I’ve been looking through the documentation and questions for the past days and cannot wrap my head around how to use DVC with the following setup. Or maybe I just need some confirmation, that how I want to do it is reasonable.
As I’m not 100% sure what would all be relevant to provide here at the moment I will try to give a brief description which I can improve on your request(s).
- I have a (remote) network drive containing the data (Windows network drive, NTFS) for my projects (mounted locally). I think it is good practice, just in case we need it later for a different project, to make this into a data registry. This is where a first issue arises. First, what I did: 1. I initialize a git + dvc repo on my laptop locally, 2. I setup a remote cache on the network drive.
Question: Can I add data that is not in the workspace to the data registry? The mounting point is the same for everybody within the company.
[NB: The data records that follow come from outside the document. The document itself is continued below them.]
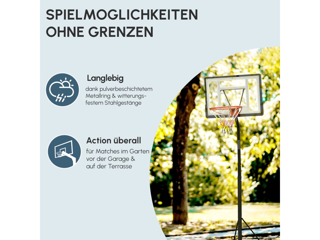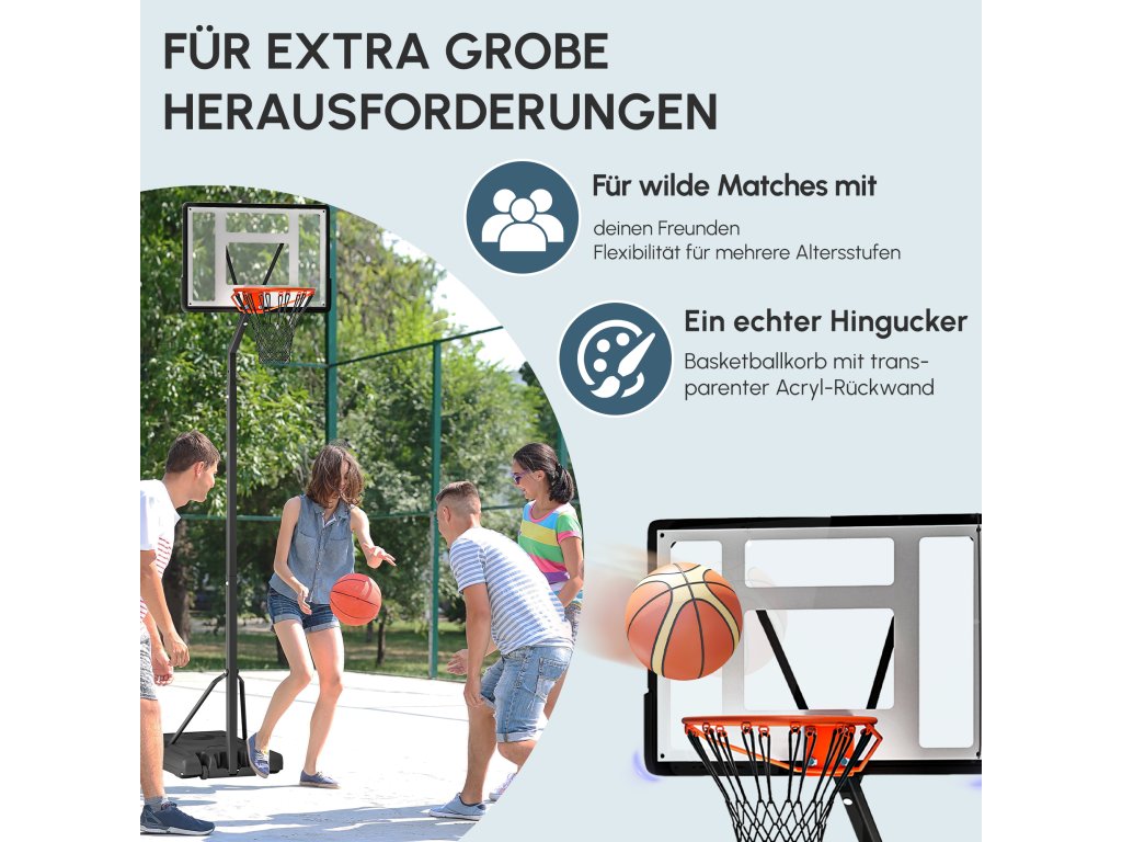Nastavitelná výška: Tento basketbalový stojan lze nastavit od 255 cm až 305 cm pro hráče různých výšek a potřeb. Ideální pro dospělé.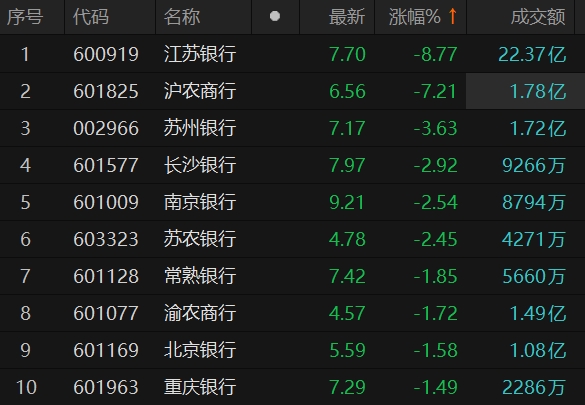 上证报中国证券网讯 4月26日,银行板块震荡下挫,截至9时51分,江苏银行跌近9%,沪农商行跌超7%,苏州银行、长沙银行、南京银行等跌超2%。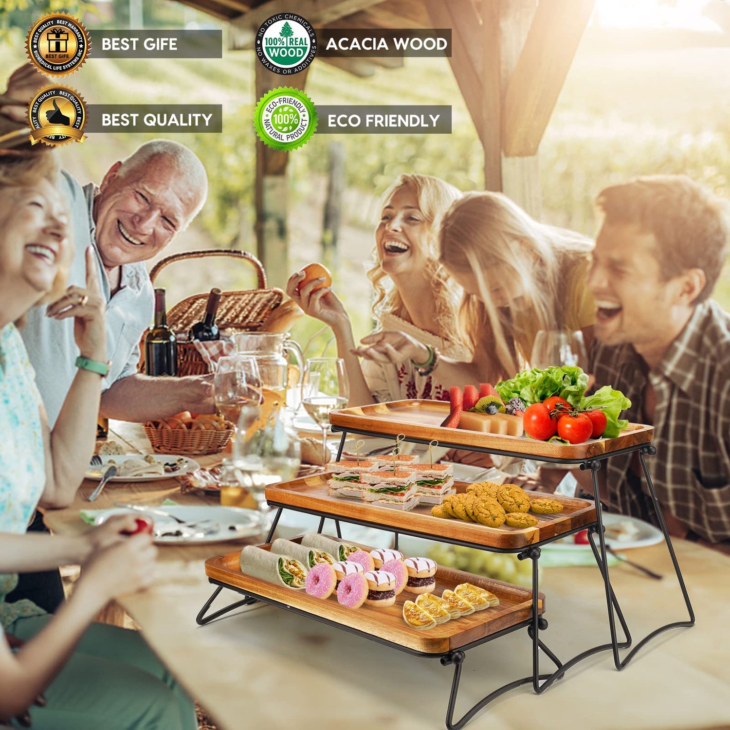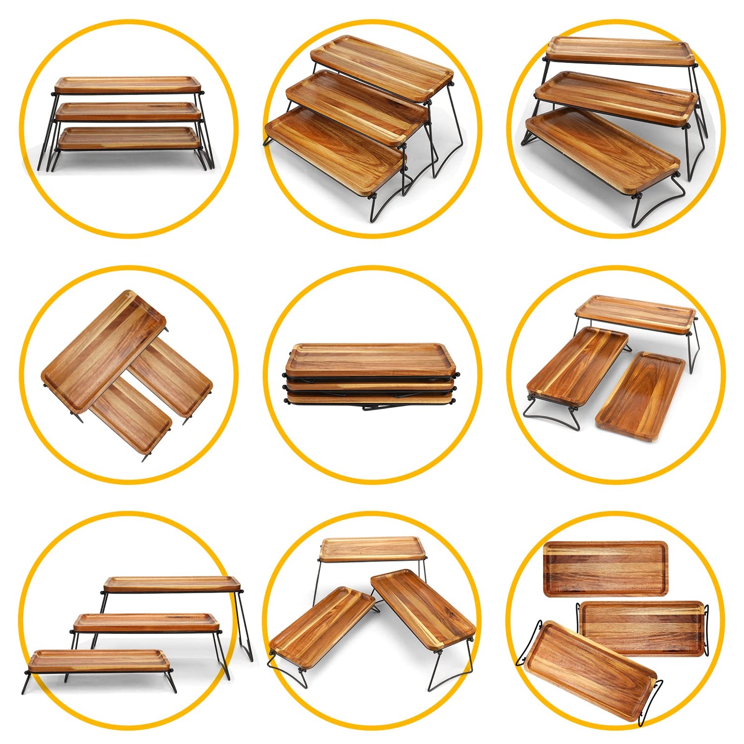 - [WHY IS UNIQUE] - Elevated level wooden tray decor is beautiful for any occasion and ideal daily use, put chartucherie serving board on metal rack is perfect for holiday entertaining, 3 tier serving tray is not only antique addition to platters and trays, but also attractive way to be a individual serving trays to serve charcuterie, cheese,appetizer, snack, pasty, cracker, cookie, candy, sandwiches, butter, meat....ect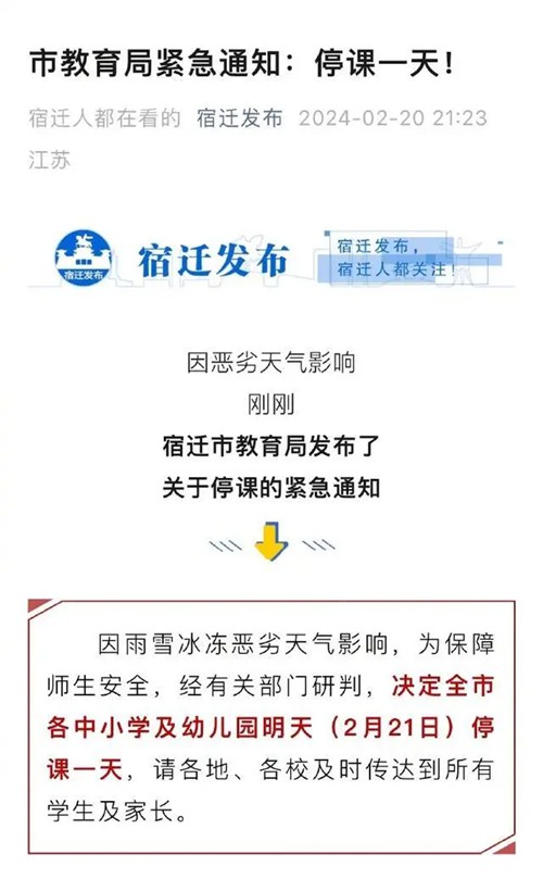 宿迁通知21日停课一天:宿迁各中小学及幼儿园明天(2月21日)停课一天。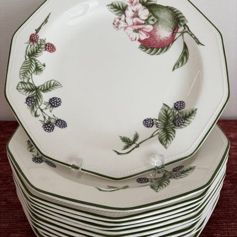 Dekoren er levende og farverig, med et mønster af frugt og blade.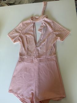 This is a pink striped romper with a deep V-neck and a neck-tie detail.$10Fort Lauderdale, FL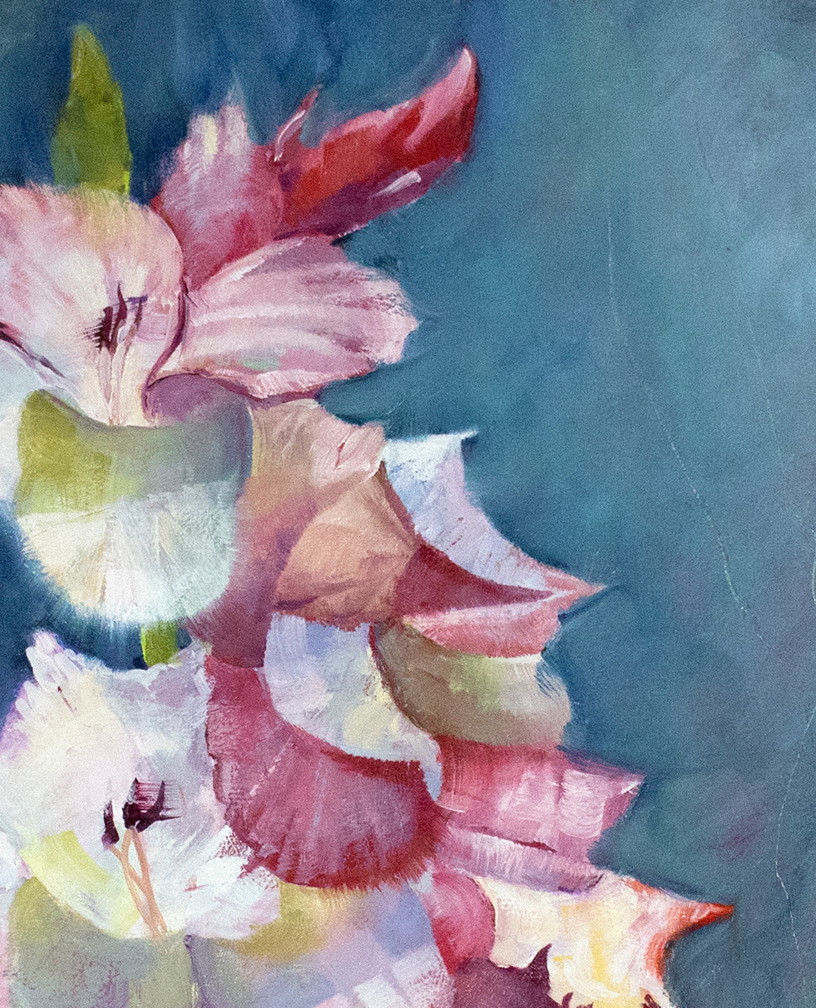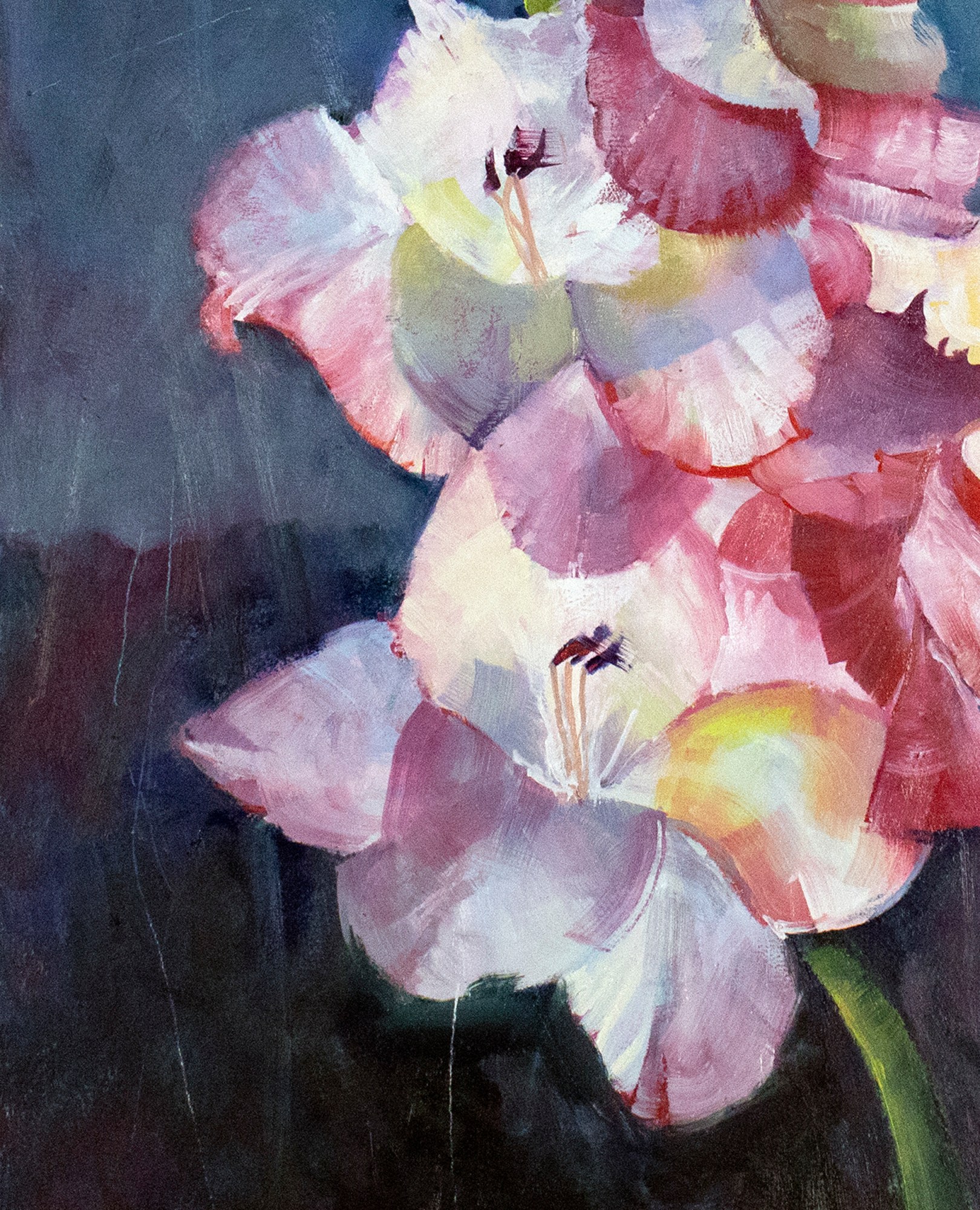 There is very little that makes me more proud than growing a beautiful, pink etc. gladiolus from a bulb. Not only that - I've discovered they can even spread themselves! What I particularly loved about this one was the light from behind it. I have attempted to make a painting before that glows - but finally, this one actually does! The rich contrasts of alizarin crimson against veridian and sap green, coupled to the whites - well, they sing! This original oil is painted on an archival linen board and is unframed. If you revel in the beauty of nature - well, here you go.

Now, assuming I manage to setup the data registry properly, i.e., it works. I have another issue.
- I have another local git + dvc project which will contain the code to train some ML on the data. However, the training is not done on my laptop, but on a remote “GPU cluster”. I don’t need the the data on my laptop, but directly to the GPU cluster as it has its own faster storage space.
Question: How do I achieve copying the data directly from the data-registries storage (cache or remote?) without losing the data versioning connection?
I am considering to import (dvc import) the data and mount the GPU cluster storage to a folder within the local dvc project. Where I would store the dvc file locally and the data would be downloaded/uploaded to the GPU cluster.
Question: Is this a good approach? Or is there a better way?
Hope somebody can help. Please ask for specification if you need it.
Thank you!